━━━━━ SUPPLIED MATERIAL
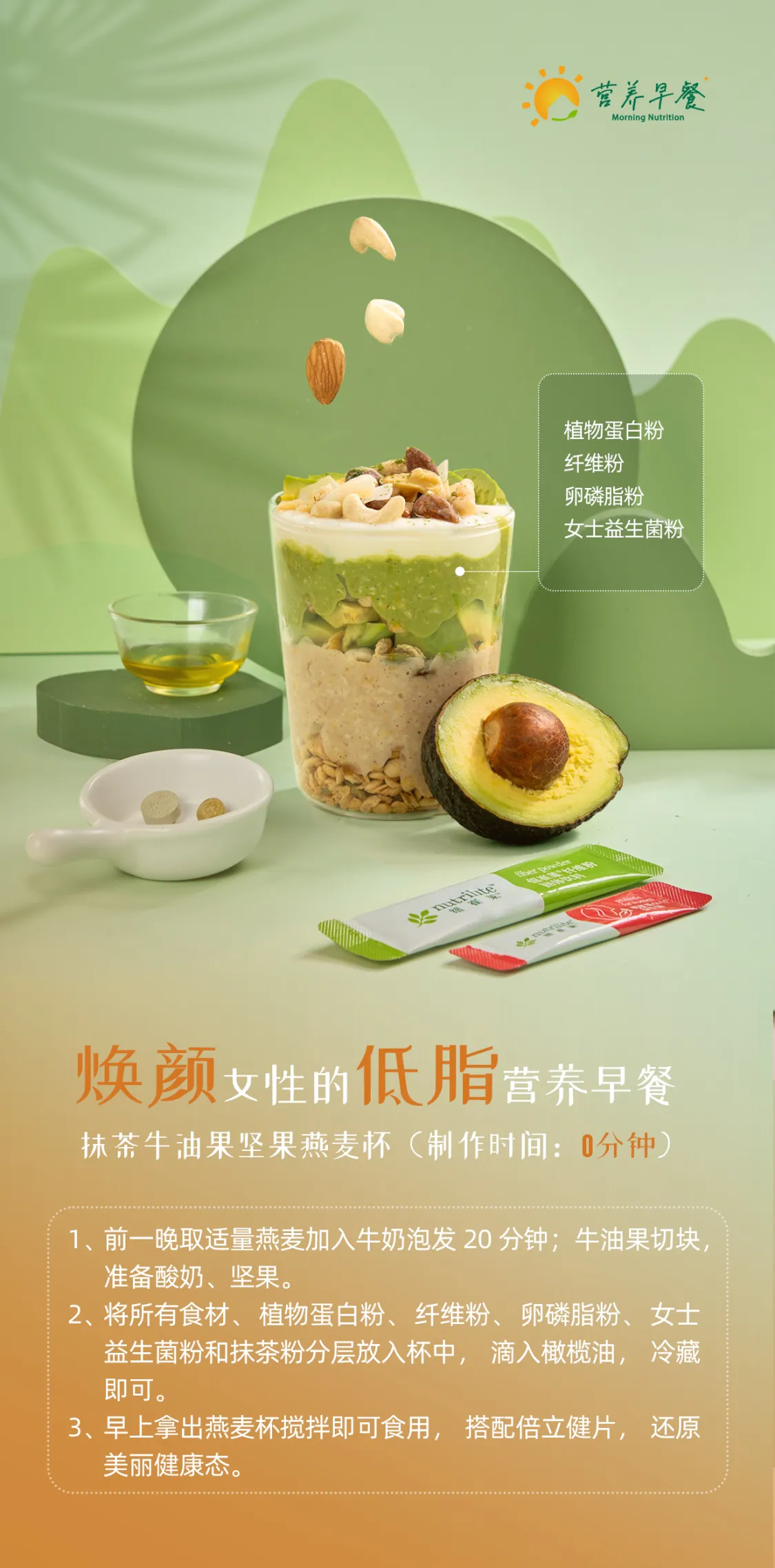 2、将所有食材、植物蛋白粉、纤维粉、卵磷脂粉、女士益生菌粉和抹茶粉分层放入杯中,滴入橄榄油,冷藏即可。
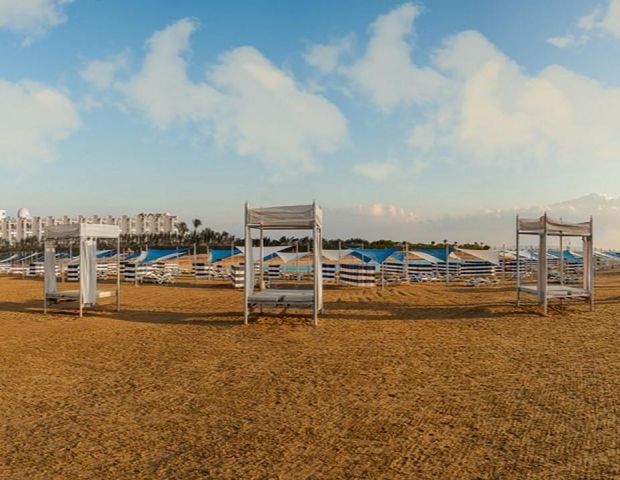 Собствен пясъчен плаж със залив и 3 плувни басейна, включително 1 за деца с чадъри, шезлонги с матраци, плажни огради за защита от вятъра, обслужване от бара, спасители на басейна и на плажа, кърпи за плажа и басейна, табели около басейна;
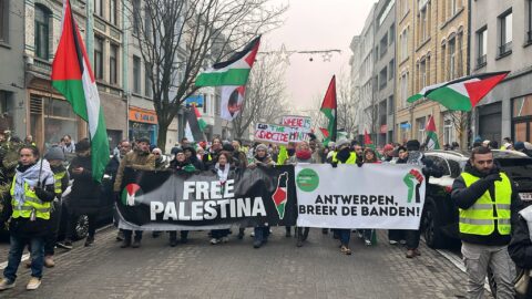 Antwerp, Belgium | Saturday 11/01/2025 (Republic of Palestine). -The Belgian city of Antwerp witnessed a massive demonstration, as hundreds of activists and participants gathered in Waterpoort Square despite the cold
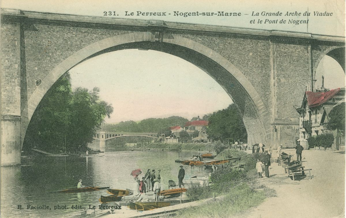 La grande arche du viaduc et le pont de Nogent
━━━━━━━━━━
Copy nothing but the lines from the line that contains "Antwerp, Belgium |" through the end of the listing, exactly, and keep pictures out of it.

## WRITTEN ANSWER
 Antwerp, Belgium | Saturday 11/01/2025 (Republic of Palestine). -The Belgian city of Antwerp witnessed a massive demonstration, as hundreds of activists and participants gathered in Waterpoort Square despite the cold
 La grande arche du viaduc et le pont de Nogent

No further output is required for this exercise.